A card trick, 2

As promised, here is some discussion of Donald Preece’s puzzle.

I first met Donald at the British Combinatorial Conference in Aberystwyth in 1973; we sat together on the coach on the excursion. At the time, he worked in horticultural research. To simplify considerably, suppose you are designing an experiment on apple trees. You have to take account of the spatial layout of the trees, but also potentially the fact that the trees might have been used for an experiment the previous year, which might have some carry-over effect. (Think about Diamond Geezer’s puzzle; if the trees are in a 4×4 square, and last year’s four treatments are represented by the suits, then this year’s could be the values.)

Donald had lectured about things related to the puzzle I described in the previous post. I had been thinking about similar matters, in connection with doubly transitive permutation groups, and I had a family of designs which could be thought of as corresponding to a pack of 96 cards, with six suits and sixteen values; but, for what I was doing, it was not necessary for me to arrange them in a rectangle. I gave Donald the designs, he arranged them in a rectangle, and the result was our first joint paper.
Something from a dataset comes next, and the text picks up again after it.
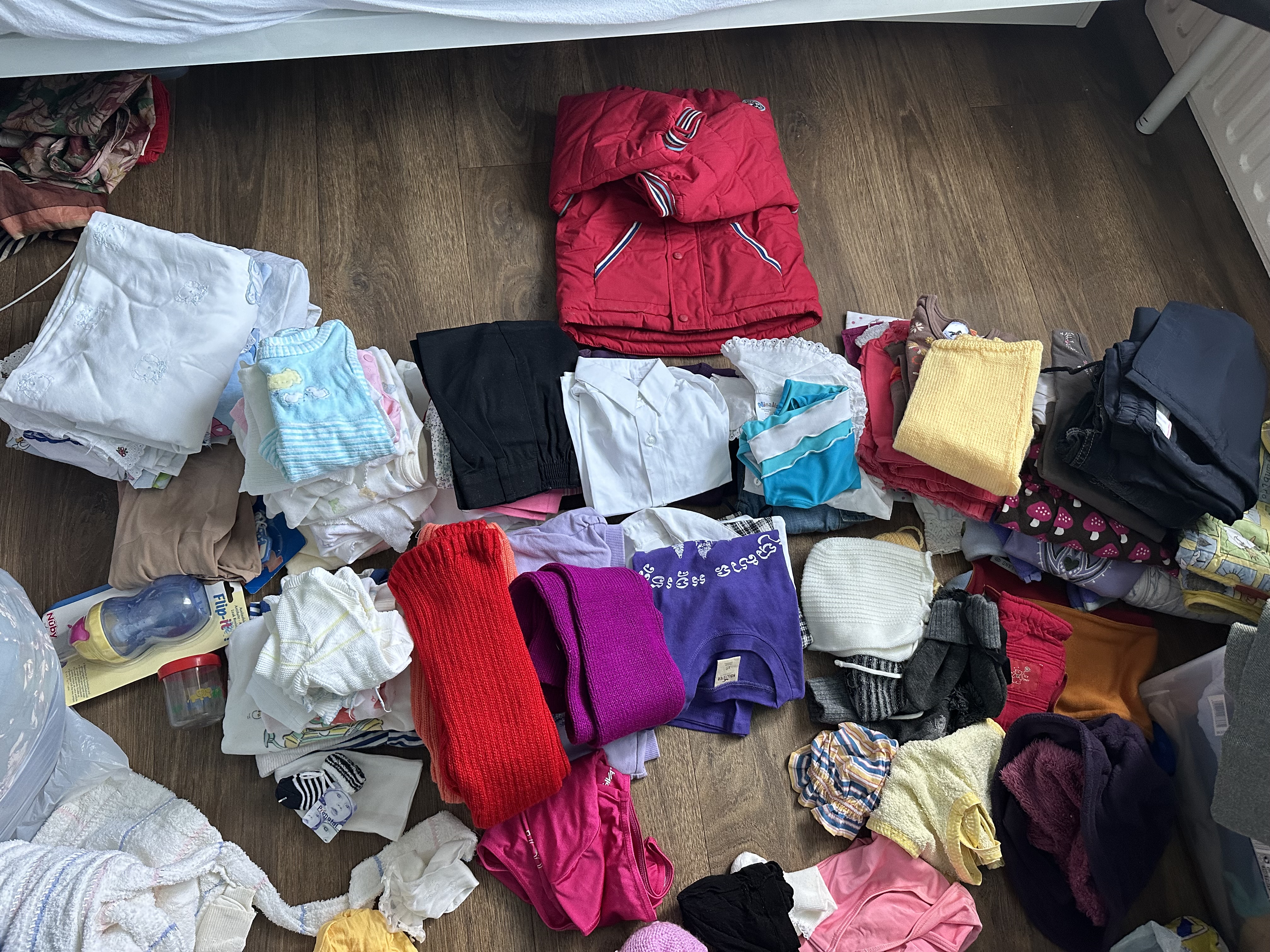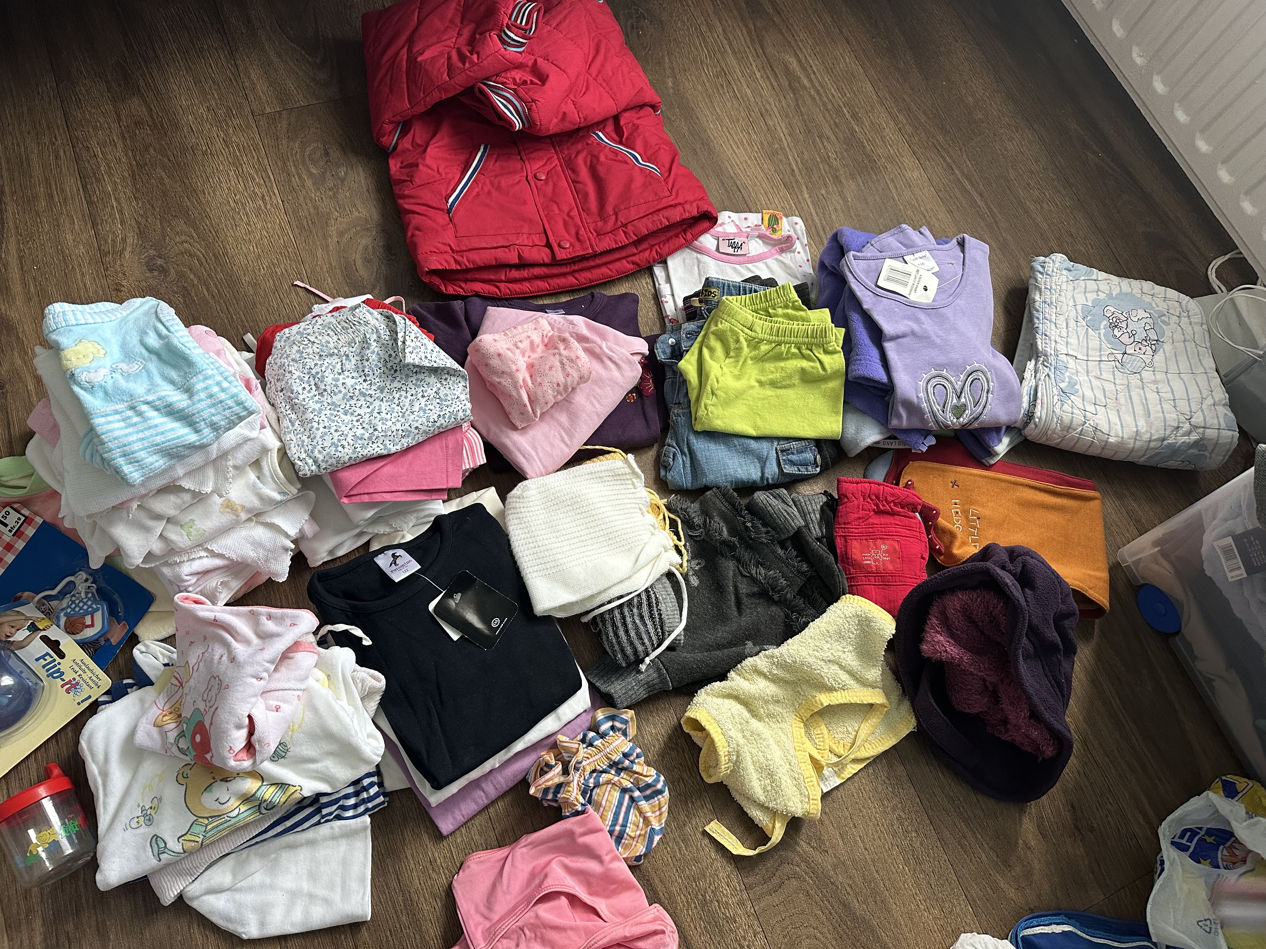 Baby clothes: clothing, socks, sleeping bag, bed sheets. Girls' clothes up to size 128: clothing, tights, socks, gloves, scarf, and hat. All in good condition.

However, I didn’t really understand at the time what he was doing, and it took me a quarter of a century to figure it out. (Donald has an amazing talent for coming up with designs of this kind, but is much less good at explaining exactly what properties they have.) Eventually, I produced an infinite family, generalising the construction in our joint paper, and published them in the proceedings of the 2001 BCC, which was organised in Canterbury by Donald himself; my paper was a sort of tribute to our long association.

Here I would like to explain exactly what the conditions are, and briefly decribe the examples and some open problems.

We will start with a set of kn elements, corresponding to the playing cards. A statistician would call them “experimental units” or “plots”; in the theory of buildings, in the terminology developed by Jacques Tits, they would be “chambers”. I will call them “cells”, since there will be various ways to think of the structure as an k×n rectangle. I assume that k < n. In the playing card example, k = 4 and n = 13.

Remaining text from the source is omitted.